パーパス経営とは 事例・メリット・時代背景

人事 キャリア

パーパス経営とは、自社の存在意義と社会的価値を根底とする経営です。存在意義と社会的価値が明確になってこそ、利害関係者(ステークホルダー)の共感が得られ、事業継続の力となります。パーパスとは目的とも訳されます。

不確実性の世の中において、存在意義という目的軸をもって社会貢献を継続させるパーパス経営が注目されています。本投稿では、パーパス経営の具体的事例、メリット、時代背景などをご紹介します。

パーパスとMVV(ミッション・ビジョン・バリュー)、経営理念

パーパス(purpose)とは企業の「目的・存在意義」です。経営理念は経営する目的、創業の思いであり、パーパスとほぼ同義語です。また、類似する用語にMVV(ミッション・ビジョン・バリュー)があります。MVVは企業理念と総称されることもあります。

M(ミッション)

ミッションは使命と訳されます。経営が果たすべき役割、存在意義です。経営理念やパーパスに近い使われ方をします。事業環境が変動しても、不変である組織の目的を指します。

V(ビジョン)

ビジョンは、あるべき姿、目指す企業像です。中長期的な事業活動を通じて実現したい将来像です。

V(バリュー)

社会や顧客に対する価値観、行動指針です。社会や顧客に対する価値を提供するための、具体的にやるべきことです。

パーパス、経営理念、MVV
パーパス、経営理念、MVVの関係

経営理念については下記投稿もご参考ください。

ビジョン、あるべき姿については、下記投稿もご参考ください。

MVVに対するパーパス経営

パーパス経営(存在意義・目的)におけるもっとも重要な観点の一つは社会性です。社会性がなければ、パーパスにステークホルダー:利害関係者(顧客、従業員、取引先、地域社会)は共感してくれません。事業は、周囲の共感や支持があってこそ継続するものです。ほぼ同義語の経営理念の中に、社会性が含まれていないケースがあることが違いです。つまり、パーパス経営とは、類義語の企業理念、経営理念、MVVに対して、より社会性を明確に打ち出しています。

パーパス経営のメリット

持続可能な社会へ寄り添う経営の実現

パーパス経営の根柢にあるのは、社会における経営の存在意義です。企業の社会貢献には、持続可能な社会のための環境配慮など社会貢献が重視されています。誰一人取り残さない持続可能な社会への目標(SDGs)が、重要視される今後において、パーパス(存在意義)は時代に寄り添った経営を実現します。

従業員エンゲージメント向上・定着率向上

社会的存在意義を明らかにするパーパス経営は、従業員にとっても働く意義を見出すことができます。社会的存在意義の中には、従業員のやりがいや心身の健康も内包します。従業員の定着率が上がり、競争力強化にもつながるのです。

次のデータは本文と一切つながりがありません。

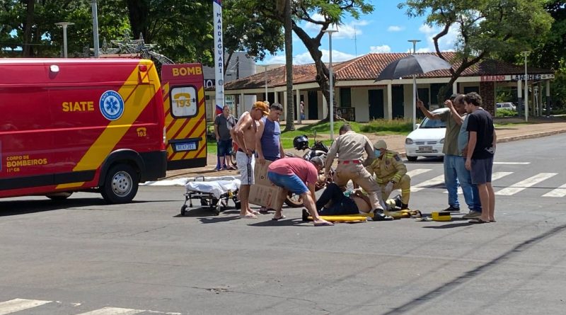 Motociclista fica ferido em acidente no cruzamento da Avenida Amazonas
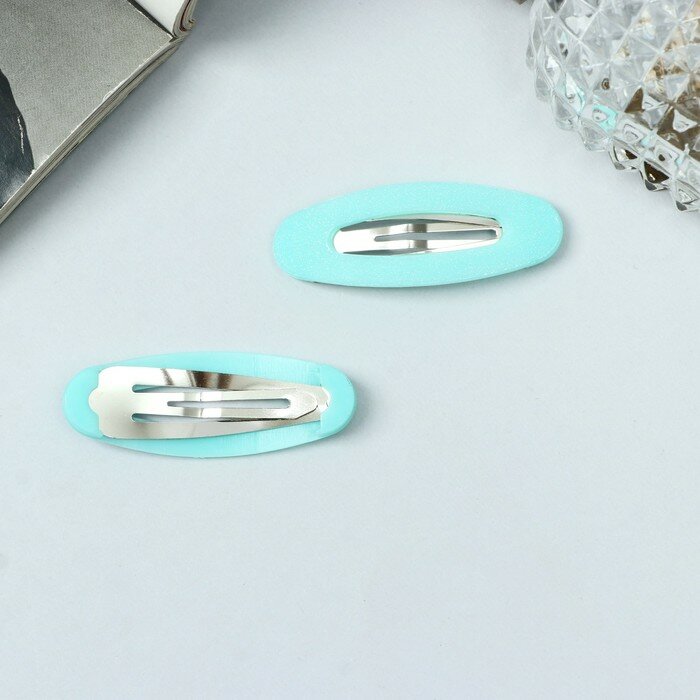 Купить Невидимка для волос "Адели" (набор 2 шт) блеск овал, 5 см, бирюзовый

従業員エンゲージメントについては、下記投稿もご参考ください。

ステークホルダーの支持

パーパスに対しての取り組みは、ステークホルダー(株主・取引先・顧客・従業員・地域社会)の共感を得ることになります。パーパスに対して真摯な組織であることは、ステークホルダーの信頼と応援をにつながり、企業の成長のエンジンともなります

意思決定迅速化・組織の一体感による経営革新

不確実性で多様な社会においては、迅速に意思決定を行う必要があります。パーパスは、意思決定判断における確固たる軸となります。

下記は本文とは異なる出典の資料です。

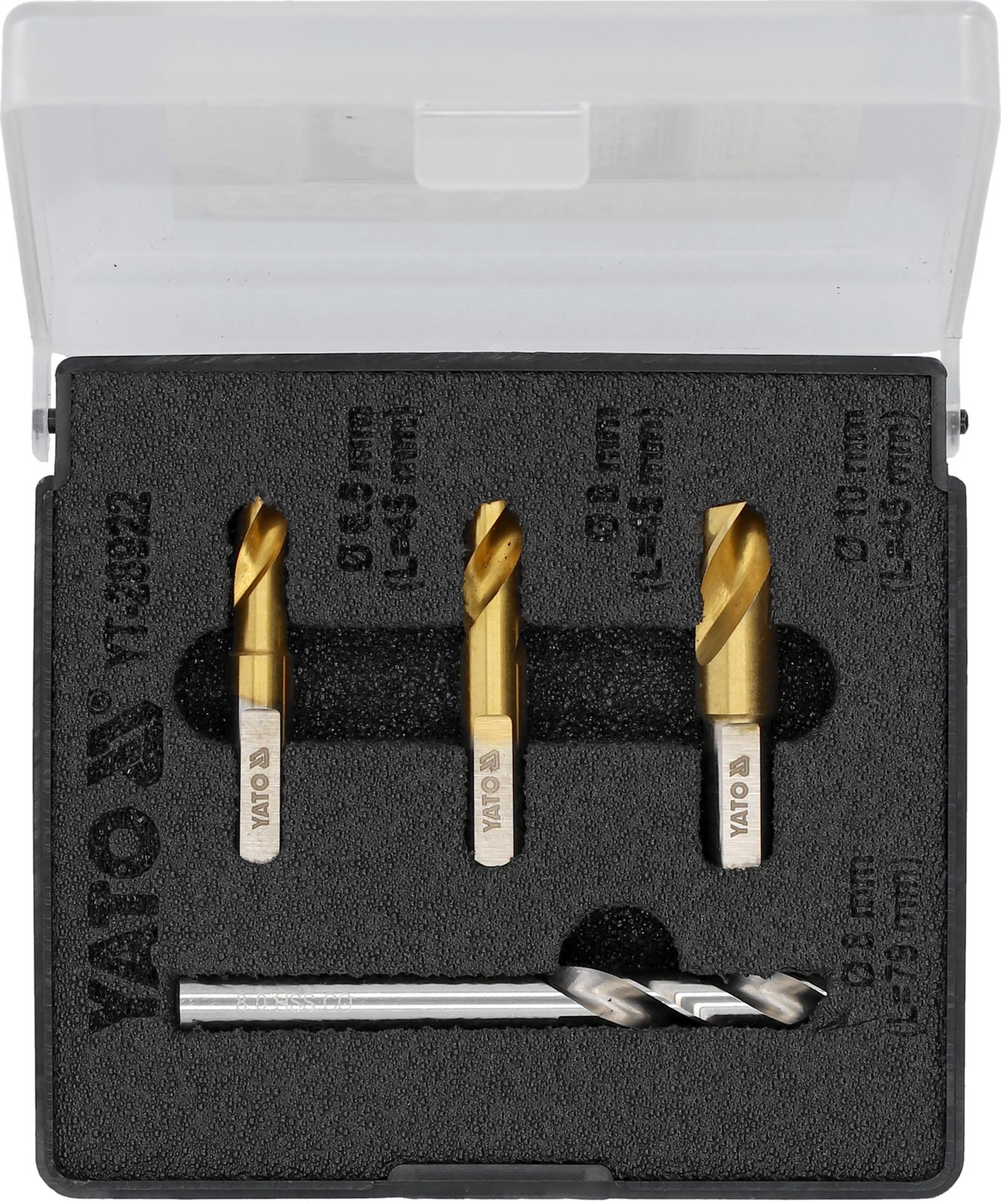 - Vrtáky z kobaltové rychlořezné oceli pokryté titanem.Profesionální sada vrtáků Yato YT-28922 je nástroj určený pro přesné odstranění bodových svarů plechů automobilů a jiných kovů.

パーパスによって従業員が同じ価値観を共有すれば、組織の一体感が生まれます。パーパスを事業化するアイディアをだし、実現に向けての組織力を発揮することができます。新しいビジネスモデルを創出したり、経営革新による成長戦略が実現します。

パーパス経営の経緯

パーパス経営注目のきっかけ

ビジネス・ラウンドテーブルは、1972年にアメリカで設立され、米国の主要企業 200のトップが会員となり、会員企業の優秀な社員が調査研究活動や政策立案に協力しています。

2019年8月19日、ビジネス・ラウンドテーブルが、「企業の目的(パーパス)に関する声明」を行いました。

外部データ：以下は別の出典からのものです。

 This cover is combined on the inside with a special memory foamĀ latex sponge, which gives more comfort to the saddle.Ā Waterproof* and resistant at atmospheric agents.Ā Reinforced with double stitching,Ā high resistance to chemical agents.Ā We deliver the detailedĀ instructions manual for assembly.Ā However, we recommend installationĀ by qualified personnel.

①顧客に価値を提供する。(顧客の期待に応える、期待を超える価値・サービスを提供する)
②従業員に対して適切な投資を行う。(公平な報酬、急速な世界変動に対応した教育の提供)
③取引先を公平に扱い、論理的な取引を行う。
④自社が属するコミュニティ(地域社会)を支援する。環境の保護を行う。
⑤(企業の投資、成長、革新を可能にするため資本を提供する)株主に長期的な価値を創出する。

以上の取組みにコミットして、「すべてのステークホルダー(利害関係者:株主、従業員、取引先、地域社会)は重要な存在であり、我々はあらゆるステークホルダーに対して価値を提供することを通じ、企業、地域社会、国の将来的な成功に向けて貢献していく。」と宣言しました。

(参考:Business Roundtable)

また、世界最大の資産運用会社である、ブラックロック(2021年運用資産残高10兆ドル)CEOであるラリー・フィンク氏が、世界の経営者へのファンレターと呼ばれている年次書簡において、「企業はパーパス主導でなければ長期的な成長を持続できない」と発信して、よりパーパス経営が注目されるきっかけになりました。

パーパス経営の時代背景

VUCA時代とダイバーシティ(多様性)

現代は、変動性(Volatility)、不確実性(Uncertainty)、複雑性(Complexity)、曖昧性(Ambiguity)の頭文字をとった、VUCA時代とよばれ、より先の不透明な時代となっております。また、技術革新によって空間や距離の意味合いが以前と違うグローバル社会の中、多様化(ダイバーシティ)への受容が企業経営にとって重要となっています。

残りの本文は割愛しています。